- **HOW TO COMPLETE THIS TASK**: An unchanged copy of all the lines below is expected, and it should contain no pictures.

━━━ DATASET CONTENT ━━━

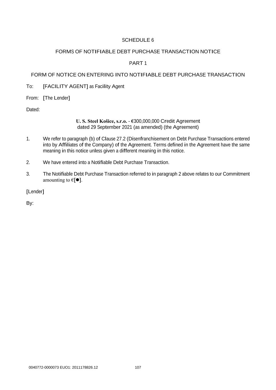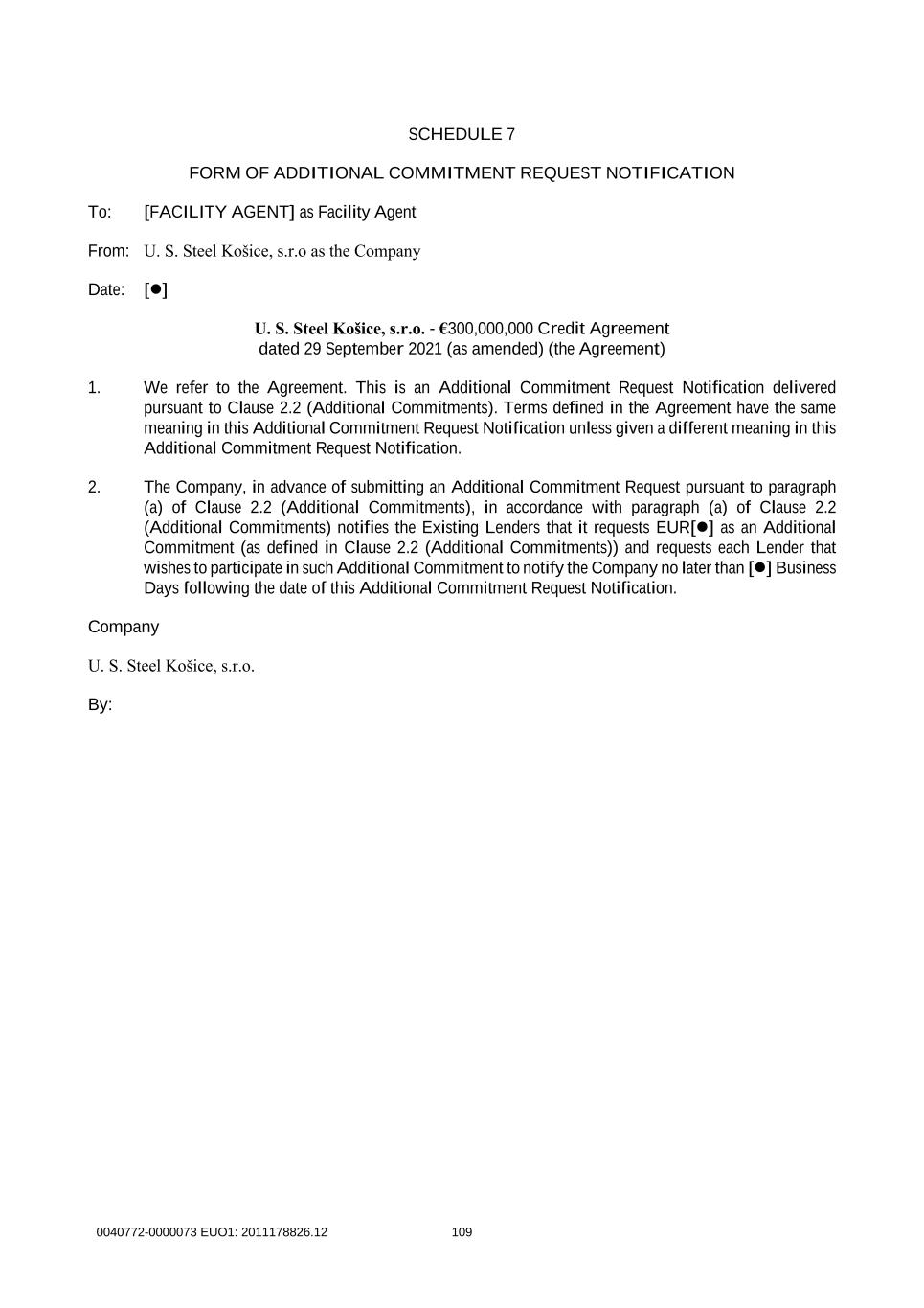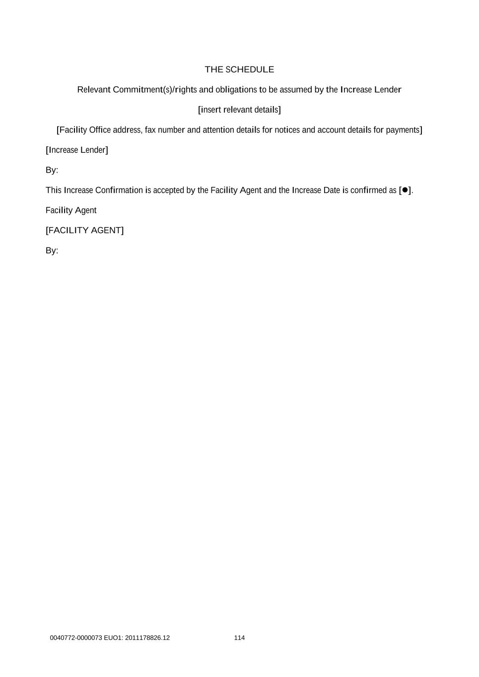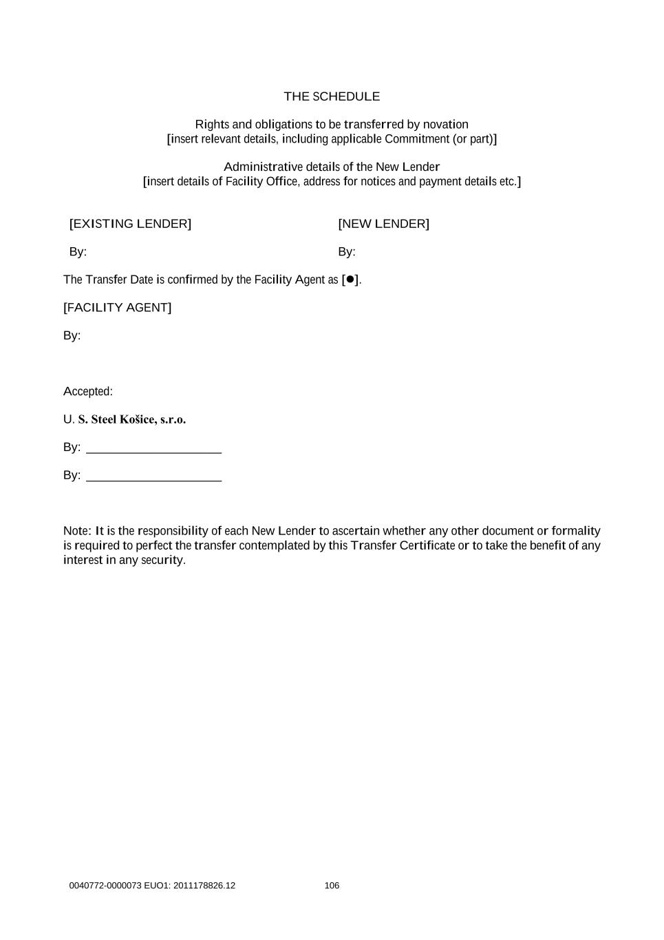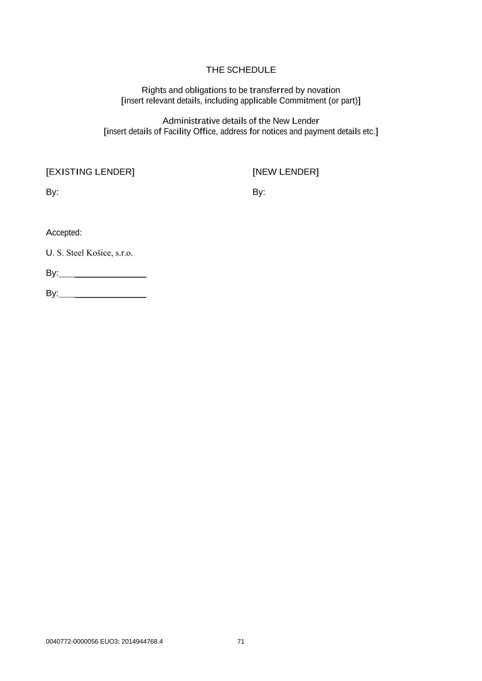 0040772-0000056 EUO3: 2014944768.4 71 THE SCHEDULE Rights and obligations to be transferred by novation [insert relevant details, including applicable Commitment (or part)] Administrative details of the New Lender [insert details of Facility Office, address for notices and payment details etc.] [EXISTING LENDER] [NEW LENDER] By: By: Accepted: U. S. Steel Košice, s.r.o. By: ________________ By: ________________
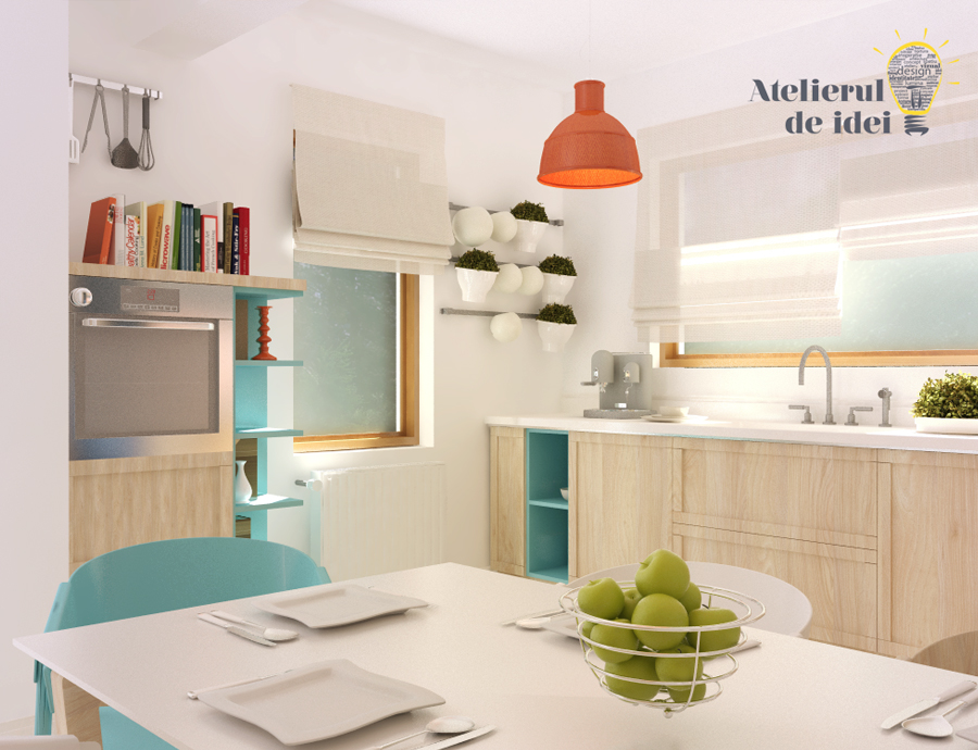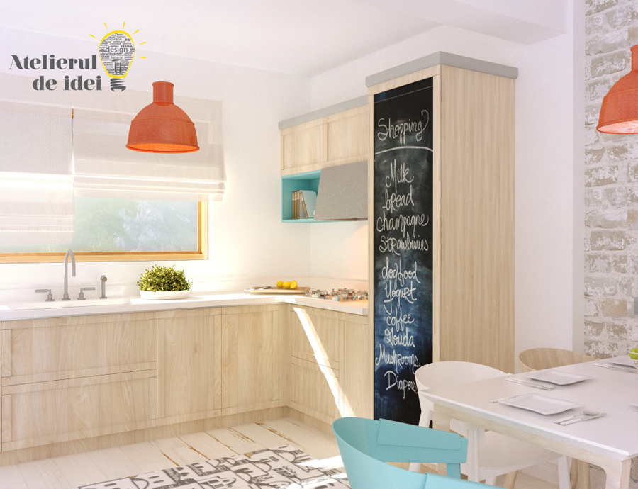 Un interior modern si jucaus, asa putem descrie in doua cuvinte proiectul de mai sus. Cei trei membri ai familiei si-au aplecat atentia asupra constructiilor durabile si avantajelor permaculturii. Ca urmare, amenajarea propusa de noi foloseste materiale si culori naturale, caramida aparenta, dusumele din lemn , textile din in si nu numai. Sa nu uitam de micile accente de culoare, regasite in accesorii sau in insertiile mobilierului de bucatarie.
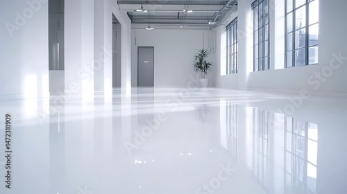 Fototapeta premium Spacious bright indoor space with mirror-like floor reflecting natural light...
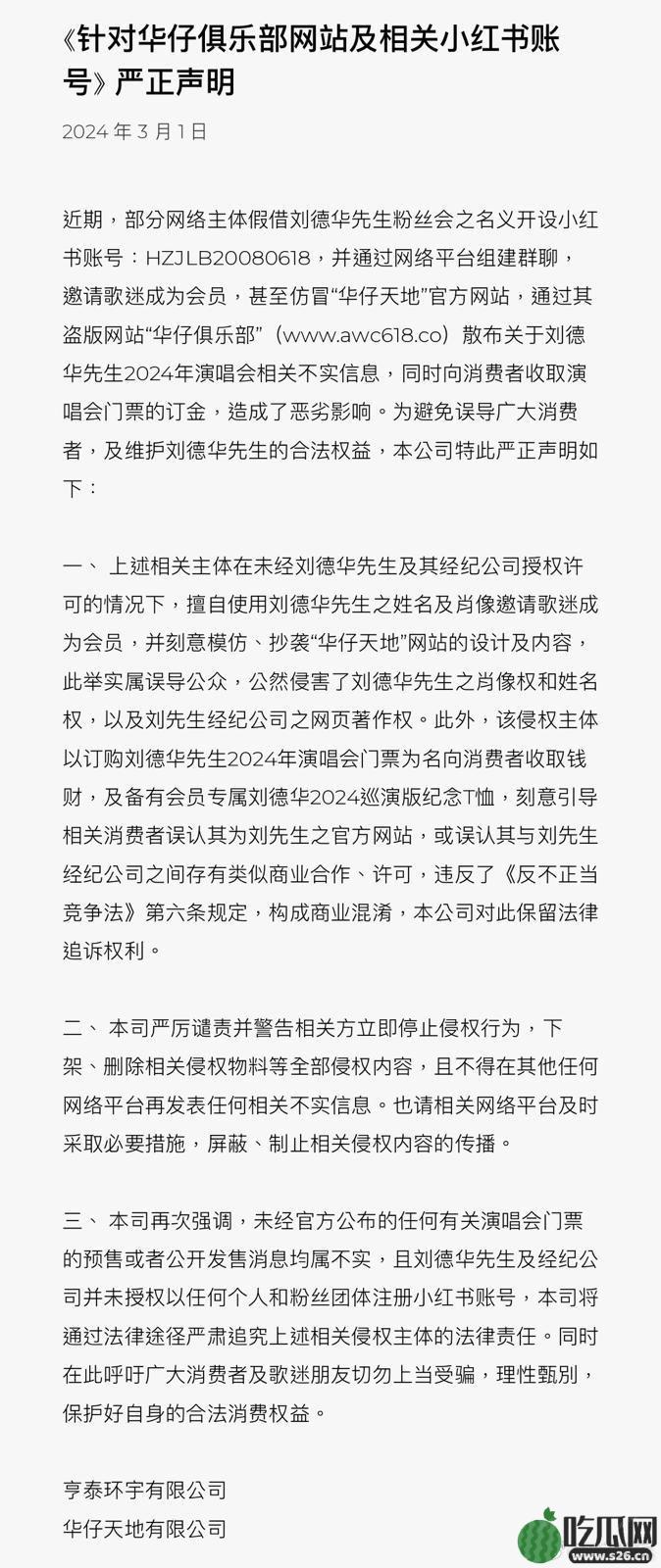 映艺娱乐昨晚发出一则《针对华仔俱乐部网站及相关小红书帐号》的声明,声明中指出近日,部分网络主体假借刘德华先生粉丝会之名义开设小红书账号:HZJLB20080618,并通过网络平台组建群聊,邀请歌迷成为会员,甚至仿冒“华仔天地”官方网站,通过其盗版网站“华仔俱乐部”(www.awc618.co)散佈关于刘德华先生2024年演唱会相关不实信息,同时向消费者收取演唱会门票的订金,造成了恶劣影响。为避免误导广大消费者,及维护刘德华先生的合法权益,因此发出严正声明。文章源自吃瓜网https://www.17gua.com/吃瓜网-https://www.17gua.com/77793.html

━━━

- **REPLY**:
 0040772-0000056 EUO3: 2014944768.4 71 THE SCHEDULE Rights and obligations to be transferred by novation [insert relevant details, including applicable Commitment (or part)] Administrative details of the New Lender [insert details of Facility Office, address for notices and payment details etc.] [EXISTING LENDER] [NEW LENDER] By: By: Accepted: U. S. Steel Košice, s.r.o. By: ________________ By: ________________
 Un interior modern si jucaus, asa putem descrie in doua cuvinte proiectul de mai sus. Cei trei membri ai familiei si-au aplecat atentia asupra constructiilor durabile si avantajelor permaculturii. Ca urmare, amenajarea propusa de noi foloseste materiale si culori naturale, caramida aparenta, dusumele din lemn , textile din in si nu numai. Sa nu uitam de micile accente de culoare, regasite in accesorii sau in insertiile mobilierului de bucatarie.
 Fototapeta premium Spacious bright indoor space with mirror-like floor reflecting natural light...
 映艺娱乐昨晚发出一则《针对华仔俱乐部网站及相关小红书帐号》的声明,声明中指出近日,部分网络主体假借刘德华先生粉丝会之名义开设小红书账号:HZJLB20080618,并通过网络平台组建群聊,邀请歌迷成为会员,甚至仿冒“华仔天地”官方网站,通过其盗版网站“华仔俱乐部”(www.awc618.co)散佈关于刘德华先生2024年演唱会相关不实信息,同时向消费者收取演唱会门票的订金,造成了恶劣影响。为避免误导广大消费者,及维护刘德华先生的合法权益,因此发出严正声明。文章源自吃瓜网https://www.17gua.com/吃瓜网-https://www.17gua.com/77793.html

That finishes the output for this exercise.